To me, Greece has been a case of very uneven wealth/income distribution even before the EU/Euro. My wife's parents, retired tobacco farmers, had to get by with a pension of about 300 EUR (in Drachma equivalent at the time) while only half-an-hour's drive away in the city of Kavala the living standard could not be differentiated from the living standard in a Central European country and the residential areas, particularly along the beaches near Kavala, surpassed much of what I could see in Austria at the time.
The EU and the Euro have only seemingly narrowed that gap because of all the debt-financed growth. With that growth gone, we are back to an even greater gap than before the EU/Euro (it seems to me).

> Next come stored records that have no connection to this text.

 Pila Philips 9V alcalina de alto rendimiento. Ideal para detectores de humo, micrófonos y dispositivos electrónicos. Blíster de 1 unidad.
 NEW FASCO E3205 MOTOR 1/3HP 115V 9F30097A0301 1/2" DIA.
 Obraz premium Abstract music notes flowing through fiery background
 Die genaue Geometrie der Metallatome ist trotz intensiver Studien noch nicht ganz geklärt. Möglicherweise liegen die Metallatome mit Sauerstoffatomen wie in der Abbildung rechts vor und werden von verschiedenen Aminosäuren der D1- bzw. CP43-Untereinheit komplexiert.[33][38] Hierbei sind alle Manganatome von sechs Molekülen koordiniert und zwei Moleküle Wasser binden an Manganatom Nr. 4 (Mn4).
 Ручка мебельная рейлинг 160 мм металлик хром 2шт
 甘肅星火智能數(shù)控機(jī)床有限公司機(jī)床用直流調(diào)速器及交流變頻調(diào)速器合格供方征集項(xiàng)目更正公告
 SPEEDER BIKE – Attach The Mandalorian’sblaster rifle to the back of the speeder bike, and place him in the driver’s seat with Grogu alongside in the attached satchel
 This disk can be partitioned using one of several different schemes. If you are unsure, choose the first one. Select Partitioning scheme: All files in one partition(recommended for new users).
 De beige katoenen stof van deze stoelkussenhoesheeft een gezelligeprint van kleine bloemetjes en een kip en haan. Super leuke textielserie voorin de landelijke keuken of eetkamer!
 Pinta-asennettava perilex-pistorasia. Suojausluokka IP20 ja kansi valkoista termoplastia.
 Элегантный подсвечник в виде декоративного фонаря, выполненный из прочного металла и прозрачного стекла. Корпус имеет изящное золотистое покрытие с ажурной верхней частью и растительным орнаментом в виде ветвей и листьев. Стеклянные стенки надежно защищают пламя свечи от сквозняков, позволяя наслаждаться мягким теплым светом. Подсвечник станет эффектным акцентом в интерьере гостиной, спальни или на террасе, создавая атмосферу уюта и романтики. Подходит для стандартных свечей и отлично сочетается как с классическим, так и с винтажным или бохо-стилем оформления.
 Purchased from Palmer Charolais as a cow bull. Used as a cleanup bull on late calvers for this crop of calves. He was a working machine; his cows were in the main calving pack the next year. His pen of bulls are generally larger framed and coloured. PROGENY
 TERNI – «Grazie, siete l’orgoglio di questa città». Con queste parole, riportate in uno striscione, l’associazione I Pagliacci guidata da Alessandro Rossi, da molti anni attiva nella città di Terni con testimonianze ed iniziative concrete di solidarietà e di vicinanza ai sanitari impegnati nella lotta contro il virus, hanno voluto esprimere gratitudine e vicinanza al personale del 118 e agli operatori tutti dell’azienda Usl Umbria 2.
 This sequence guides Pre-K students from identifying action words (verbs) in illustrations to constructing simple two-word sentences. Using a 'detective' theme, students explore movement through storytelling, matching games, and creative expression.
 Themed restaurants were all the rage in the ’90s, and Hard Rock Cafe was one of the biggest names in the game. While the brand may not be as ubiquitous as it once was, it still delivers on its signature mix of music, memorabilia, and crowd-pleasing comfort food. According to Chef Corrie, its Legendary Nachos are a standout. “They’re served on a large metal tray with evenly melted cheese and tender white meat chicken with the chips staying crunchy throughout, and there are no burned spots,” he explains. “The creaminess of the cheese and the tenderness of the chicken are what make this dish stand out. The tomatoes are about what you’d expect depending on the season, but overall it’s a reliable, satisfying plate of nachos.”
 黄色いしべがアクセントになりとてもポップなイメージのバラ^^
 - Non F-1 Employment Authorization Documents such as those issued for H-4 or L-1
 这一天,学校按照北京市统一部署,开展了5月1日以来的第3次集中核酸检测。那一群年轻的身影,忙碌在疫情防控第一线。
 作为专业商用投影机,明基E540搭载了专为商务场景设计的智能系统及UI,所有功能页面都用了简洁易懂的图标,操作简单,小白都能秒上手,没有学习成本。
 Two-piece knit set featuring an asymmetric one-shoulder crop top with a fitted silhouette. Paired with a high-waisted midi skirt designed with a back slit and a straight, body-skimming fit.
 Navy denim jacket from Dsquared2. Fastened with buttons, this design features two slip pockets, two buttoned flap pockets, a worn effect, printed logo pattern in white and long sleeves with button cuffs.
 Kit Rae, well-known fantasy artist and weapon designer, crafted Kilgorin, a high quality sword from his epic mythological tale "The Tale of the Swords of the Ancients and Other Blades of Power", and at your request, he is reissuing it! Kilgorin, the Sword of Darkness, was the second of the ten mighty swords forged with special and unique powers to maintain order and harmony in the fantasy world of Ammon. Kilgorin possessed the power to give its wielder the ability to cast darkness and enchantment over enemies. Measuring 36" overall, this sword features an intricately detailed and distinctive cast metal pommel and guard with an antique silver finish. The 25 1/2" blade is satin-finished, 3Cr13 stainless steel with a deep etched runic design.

I keep reading in the Greek media how much more income the government would have if only the upper class of Greece would pay their fair share of taxes. Some of these estimates even suggest that Greece would not have a budget deficit in that case.
So the question asked in this article is valid: how could, in a member country of the EU, there be a situation where the upper class takes such brutal advantage of the others? The issue, to me, is not Greece in toto. Greece has undoubtedly as many hard-working/clean-living people as any other EU-country; possibly even more. Mind you that those are generally people who cannot even cheat on income taxes because they are taxed at the source.
What Greece seems to have more of relative to other EU-countries is an upper class which has no qualms whatsoever to take the rest of the country on a ride. How that can still happen in an EU-country is indeed a very good question!